## TRY IT
What you return must match the data below exactly, minus any pictures.

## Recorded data
_ _ _ _

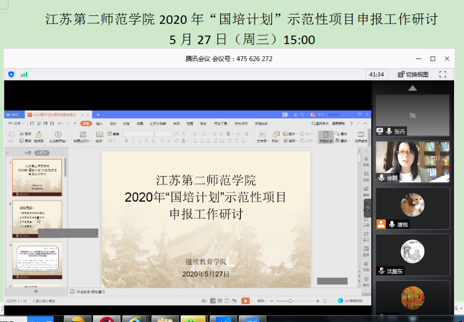 5月27日下午,继续教育学院牵头组织召开2020年“国培计划”示范性项目申报工作研讨腾讯会。12个二级学院院长和相关老师共计21人参会,继教院院长徐群主持会议。
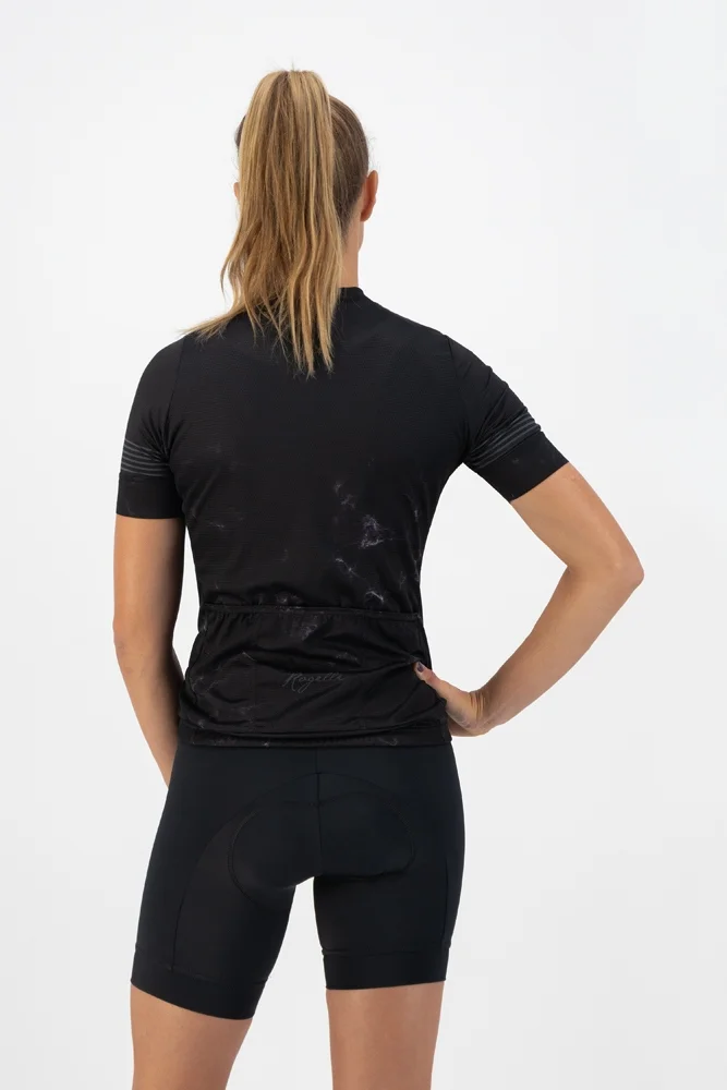 Subtelny, marmurkowy nadruk nadaje damskiej koszulce rowerowej Rogelli Marble stylowy i luksusowy wygląd. Kolorowe akcenty i materiał sprawiają, że Marble jest idealną, letnią koszulą. Tkanina Sensor jest wyjątkowo przewiewna dzięki mini-owalnej strukturze. Szybkoschnący materiał optymalnie odprowadza pot, dzięki czemu możesz cieszyć się pokonywanym dystansem nie tylko stylowo, ale i beztrosko w nawet najgorętsze dni. Dzięki krojowi typu Race Fit koszulka z nowej letniej kolekcji Rogelli ładnie się układa.
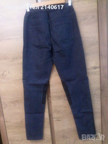 Интересен дънков клин,цвят индиго в комбинация с много стегнато трико; талия на ластик- от 33 до 42 см(общо талия от 66 до 85см);ханш-45(общо до 92 см).Пише XS,но е по - голям.крачол-79см.
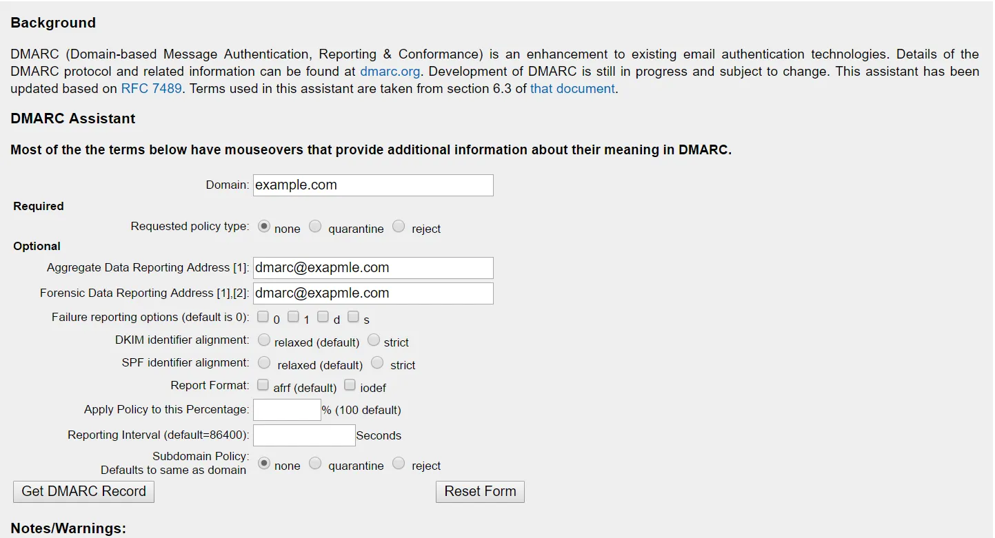 v=DMARC1; p=none; rua=dmarc@example.com; ruf=dmarc@example.com; sp=none
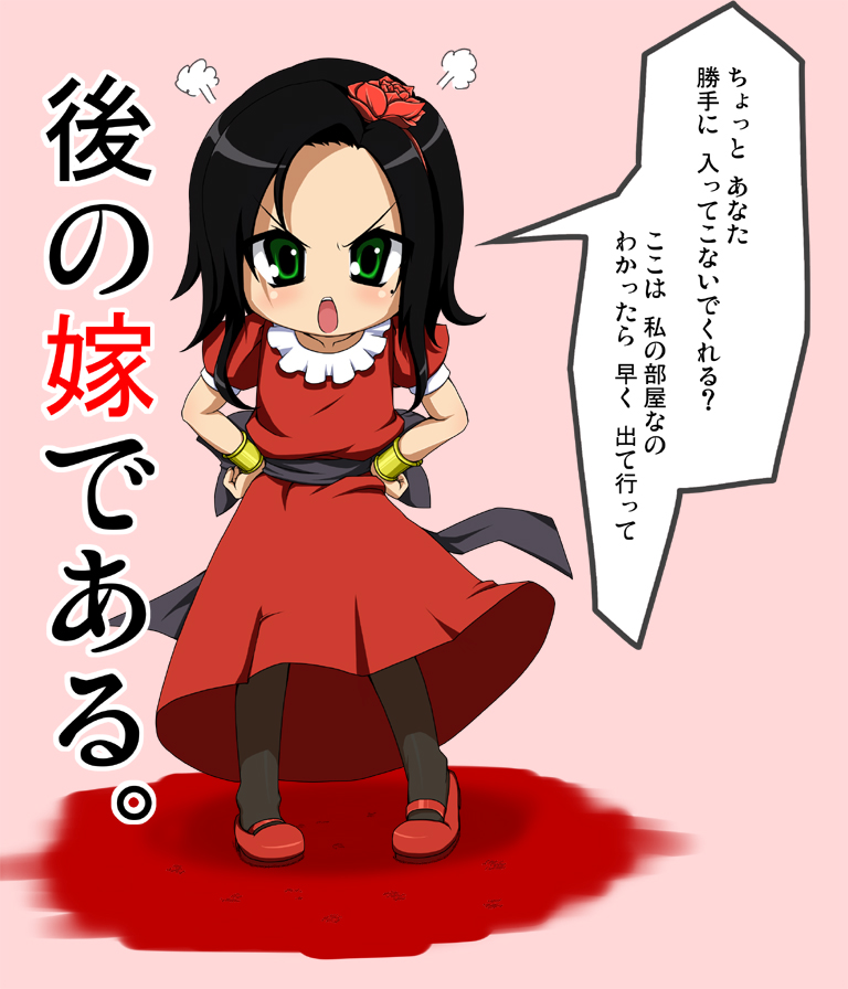 1girl aged_down angry black_hair child deborah_(dq5) dragon_quest dragon_quest_v enomori female_focus fume green_eyes hands_on_own_hips mole pantyhose solo translation_request
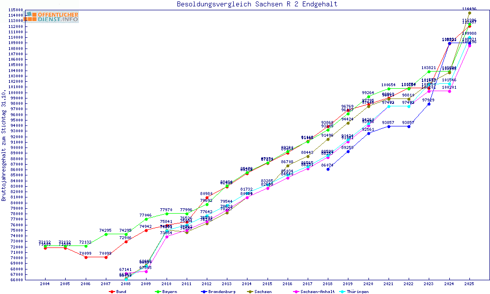 | Besoldungsvergleich R 2 im Jahr 2025 | Endgehalt | |||||||
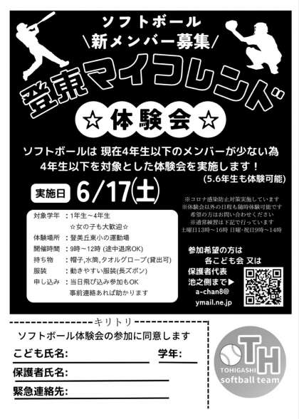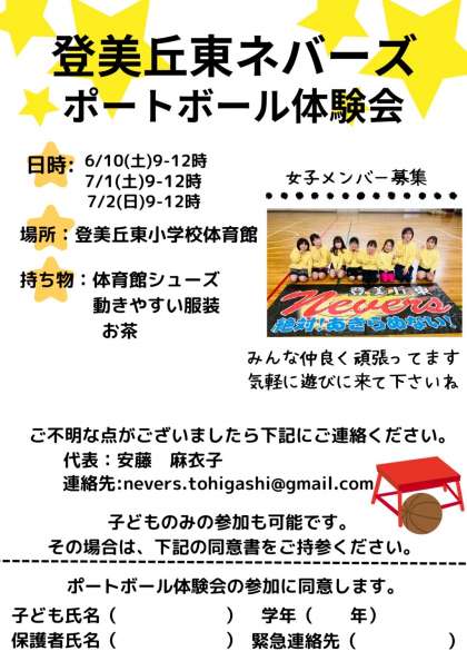 登美丘東こども会のポートボールとソフトボールの体験会があります。下記に案内のチラシを掲載していますので、ご覧ください。
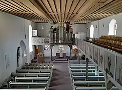 Die Empore ist mit Aposteldarstellungen in den Brüstungsfeldern aus dem Jahre 1751 verziert. Das Kruzifix stammt aus dem Jahre 1698.
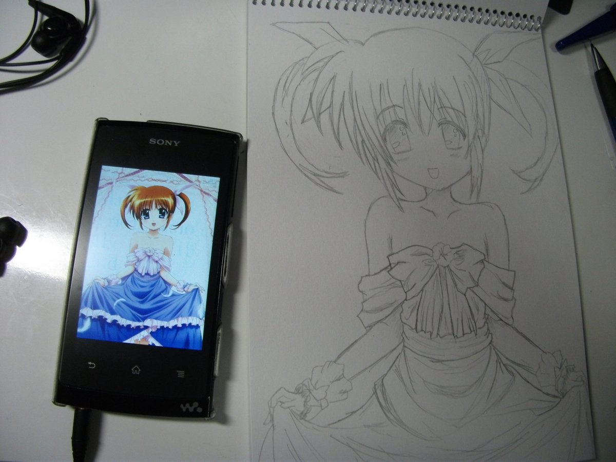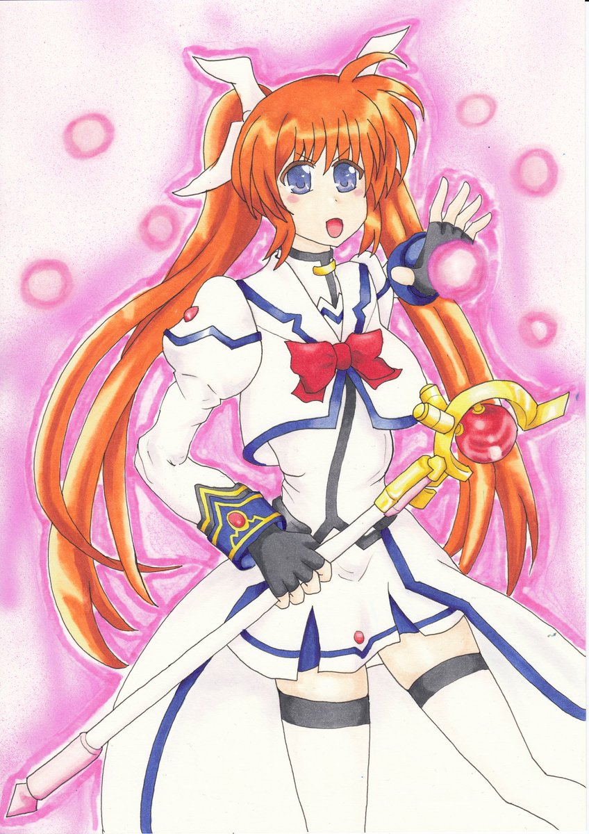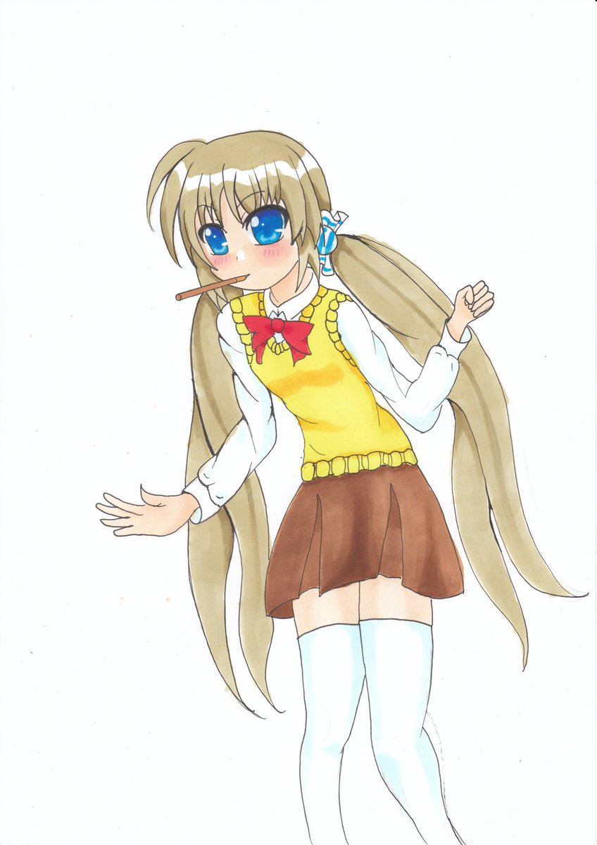 バレンタインあんま関係ないけど、ポッキーゲームのつもり。 ワンドロつら( ゜ρ゜ ) 体がおかしい、胴が長すぎかな? 足も太さがちがう(笑) #魔法少女リリカルなのは夜の創作60分一本勝負
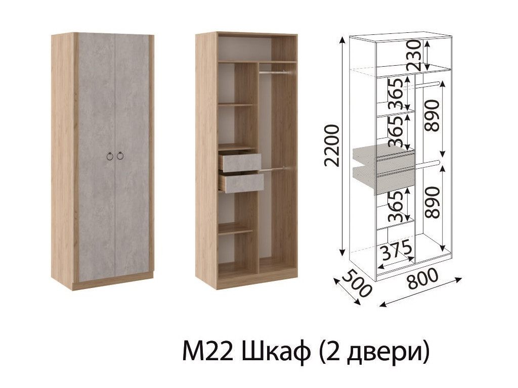 - Шкаф двухстворчатый Глэдис М22 Дуб золото
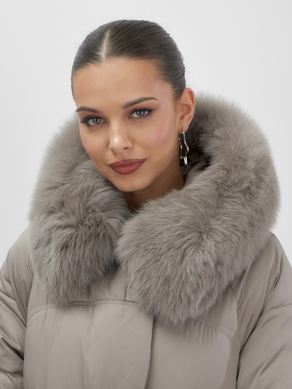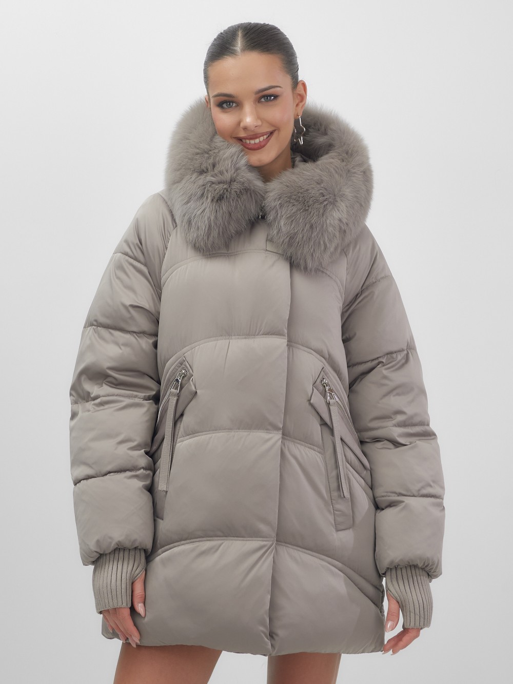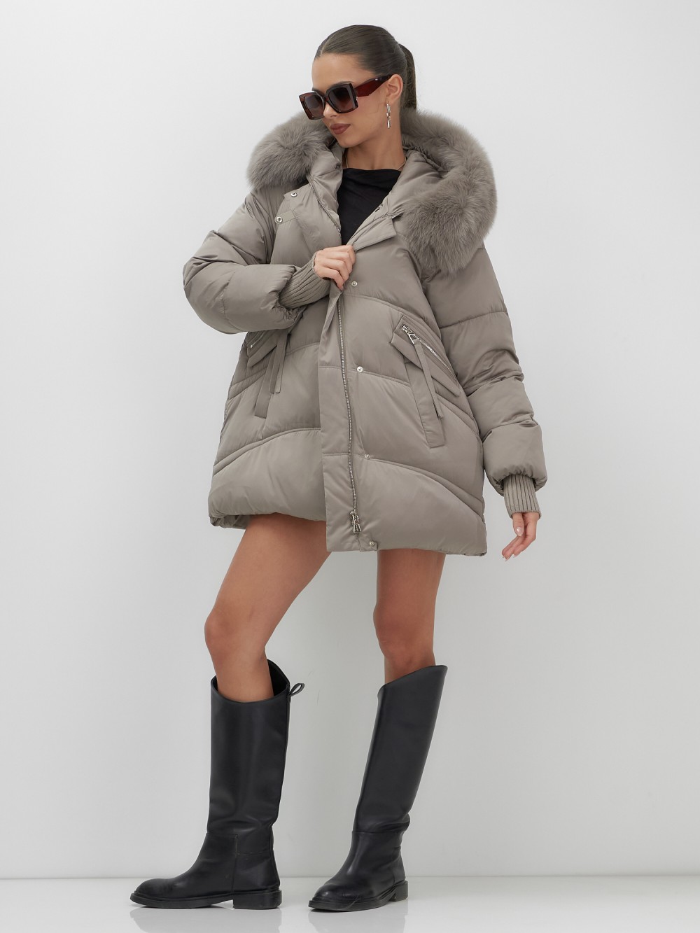 Пять трендовых оттенков сезона осень-зима 2025 – глубокий черный, благородный коричневый, нежный светло-коричневый, изысканный темно-зеленый и элегантный бежевый – идеально сочетаются с роскошным мехом песца. Удлиненный силуэт до колена и свободный крой создают идеальные пропорции для размеров 46-54.
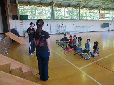 今回、講師をお招きしてのこの講習会ですが、補助なしでは乗れなかった子が補助なしで乗れるようになったり、アイドリング(車輪を前後に動かしながらその場に留まる乗り方)が苦手だった子ができるようになってきたり、子ども達が一輪車に乗る姿勢が良くなったりと、わずか2時間ではありましたが、子ども達がめきめき上達していくのが分かりました。
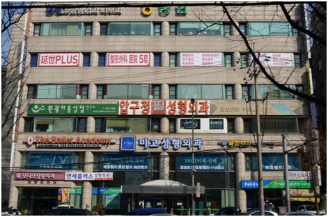 圖為韓國(guó)整形醫(yī)院聚集區(qū)(人民網(wǎng)張悅 攝)
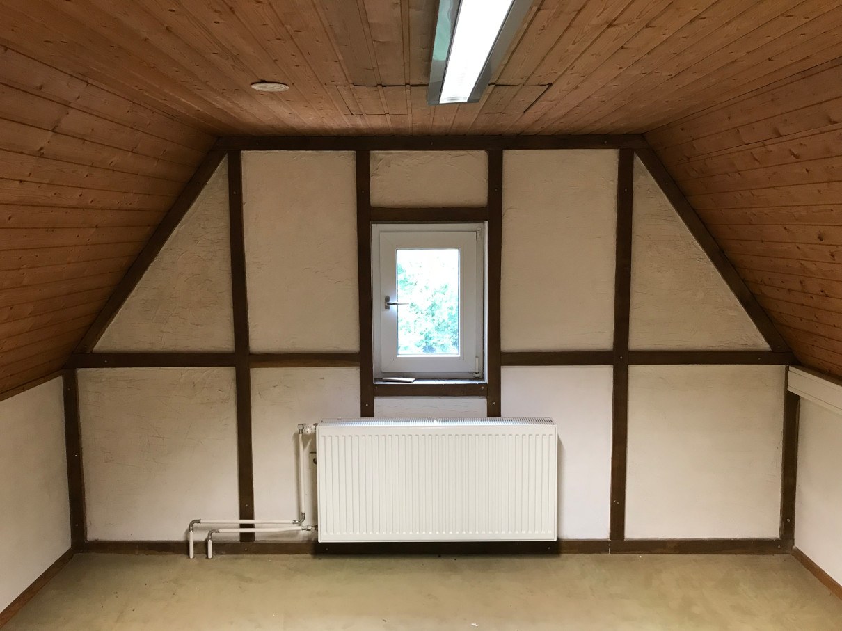 Die Trockenbauwand ist fertig und die Türzarge eingebaut,in der Fake Fachwerkwand sind die Gefache gestrichen und zwei von drei Wänden tapeziert.

_ _ _ _

## EXERCISE RESPONSE
 5月27日下午,继续教育学院牵头组织召开2020年“国培计划”示范性项目申报工作研讨腾讯会。12个二级学院院长和相关老师共计21人参会,继教院院长徐群主持会议。
 Subtelny, marmurkowy nadruk nadaje damskiej koszulce rowerowej Rogelli Marble stylowy i luksusowy wygląd. Kolorowe akcenty i materiał sprawiają, że Marble jest idealną, letnią koszulą. Tkanina Sensor jest wyjątkowo przewiewna dzięki mini-owalnej strukturze. Szybkoschnący materiał optymalnie odprowadza pot, dzięki czemu możesz cieszyć się pokonywanym dystansem nie tylko stylowo, ale i beztrosko w nawet najgorętsze dni. Dzięki krojowi typu Race Fit koszulka z nowej letniej kolekcji Rogelli ładnie się układa.
 Интересен дънков клин,цвят индиго в комбинация с много стегнато трико; талия на ластик- от 33 до 42 см(общо талия от 66 до 85см);ханш-45(общо до 92 см).Пише XS,но е по - голям.крачол-79см.
 v=DMARC1; p=none; rua=dmarc@example.com; ruf=dmarc@example.com; sp=none
 1girl aged_down angry black_hair child deborah_(dq5) dragon_quest dragon_quest_v enomori female_focus fume green_eyes hands_on_own_hips mole pantyhose solo translation_request
 | Besoldungsvergleich R 2 im Jahr 2025 | Endgehalt | |||||||
 登美丘東こども会のポートボールとソフトボールの体験会があります。下記に案内のチラシを掲載していますので、ご覧ください。
 Die Empore ist mit Aposteldarstellungen in den Brüstungsfeldern aus dem Jahre 1751 verziert. Das Kruzifix stammt aus dem Jahre 1698.
 バレンタインあんま関係ないけど、ポッキーゲームのつもり。 ワンドロつら( ゜ρ゜ ) 体がおかしい、胴が長すぎかな? 足も太さがちがう(笑) #魔法少女リリカルなのは夜の創作60分一本勝負
 - Шкаф двухстворчатый Глэдис М22 Дуб золото
 Пять трендовых оттенков сезона осень-зима 2025 – глубокий черный, благородный коричневый, нежный светло-коричневый, изысканный темно-зеленый и элегантный бежевый – идеально сочетаются с роскошным мехом песца. Удлиненный силуэт до колена и свободный крой создают идеальные пропорции для размеров 46-54.
 今回、講師をお招きしてのこの講習会ですが、補助なしでは乗れなかった子が補助なしで乗れるようになったり、アイドリング(車輪を前後に動かしながらその場に留まる乗り方)が苦手だった子ができるようになってきたり、子ども達が一輪車に乗る姿勢が良くなったりと、わずか2時間ではありましたが、子ども達がめきめき上達していくのが分かりました。
 圖為韓國(guó)整形醫(yī)院聚集區(qū)(人民網(wǎng)張悅 攝)
 Die Trockenbauwand ist fertig und die Türzarge eingebaut,in der Fake Fachwerkwand sind die Gefache gestrichen und zwei von drei Wänden tapeziert.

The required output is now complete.